The client is the source of truth. My instinct was to make the server authoritative. But agents work locally, in git repos, and their local state is the ground truth. The server aggregates and distributes. If the server and the client disagree, the client wins. If the server goes down, bdh falls back to local bd with a warning. Work continues. Coordination catches up later.

Async by default. My first instinct was real-time negotiation between agents. Doesn’t scale. Agents work at different speeds, on different schedules, and blocking one while waiting for another is expensive. Mail is the default. Chat is the exception.

Advisory over mandatory. Advisory file locks that warn instead of block. Bead claims that can be overridden with --:jump-in "reason" (which notifies the other agent).

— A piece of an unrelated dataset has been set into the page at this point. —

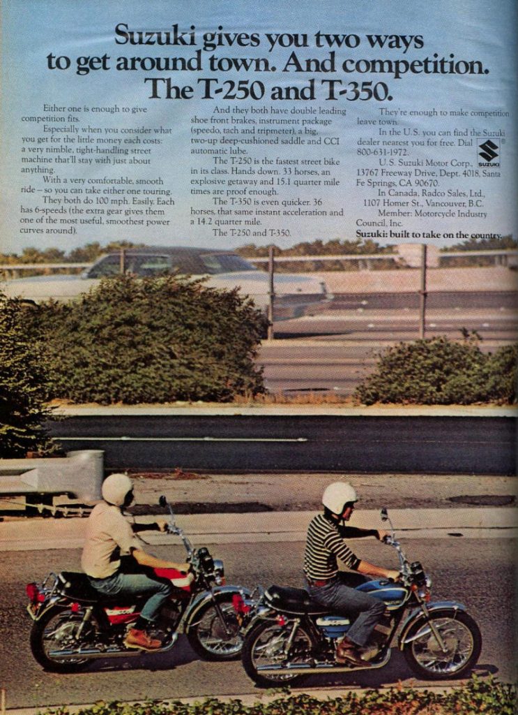 Suzuki T250J Hustler and T350J Rebel lined-up for 1972 Posted on April 27, 2023 by muzza Share: Related Articles Willie Hardin & US Suzuki – Photo Gallery 2 Joe Eastmure and the controversial 1972 Castrol 6 Hour Production Race 1972 Suzuki line-up 1969 Suzi line-up
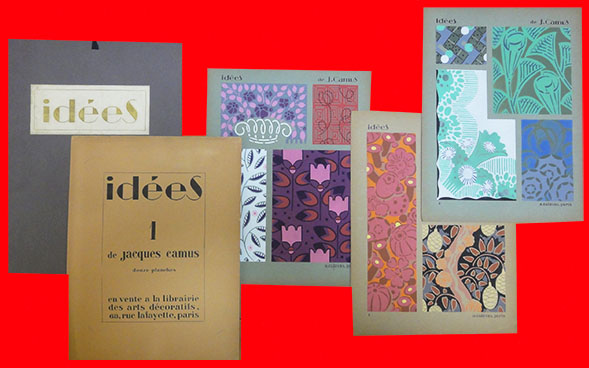 ■これまたフランスで発行された図案集で、小店では2度目の入荷となりました。ジャック・カミュ(Jacques Camus)の『idees 1』。こちらも発行はフランスで、無刊期ですが、海外の古書店の情報によれば刊行は1922年、プレートは全て石版多色刷で12葉で揃い。

The system provides information and trusts agents to act on it.

The coordinator role. I assign one agent per project the “coordinator” role. The coordinator doesn’t write code. It watches the dashboard, assigns work, checks on progress, nudges stuck agents, and keeps the end goal in sight. The implementer agents are heads-down in their worktrees; the coordinator is the one who knows what the project needs next. BeadHub serves each agent a role-specific policy—markdown documents describing how agents in that role should behave—and the coordinator’s policy is fundamentally different from an implementer’s. This turned out to matter more than any of the technical decisions.

Where This Goes

The single-machine problem is getting solved. Agent Teams, Codex—within a few weeks, running multiple agents in parallel on your laptop will be table stakes.

The multi-programmer problem is next. Five engineers, fifty agents, three repositories, two time zones. That’s where the coordination problem changes in kind, not just degree. It’s not enough that your agents can talk to each other. They need to talk to your teammate’s agents, on a different machine, in a different time zone, working on a different repo in the same project.

BeadHub is open source and free for open-source projects.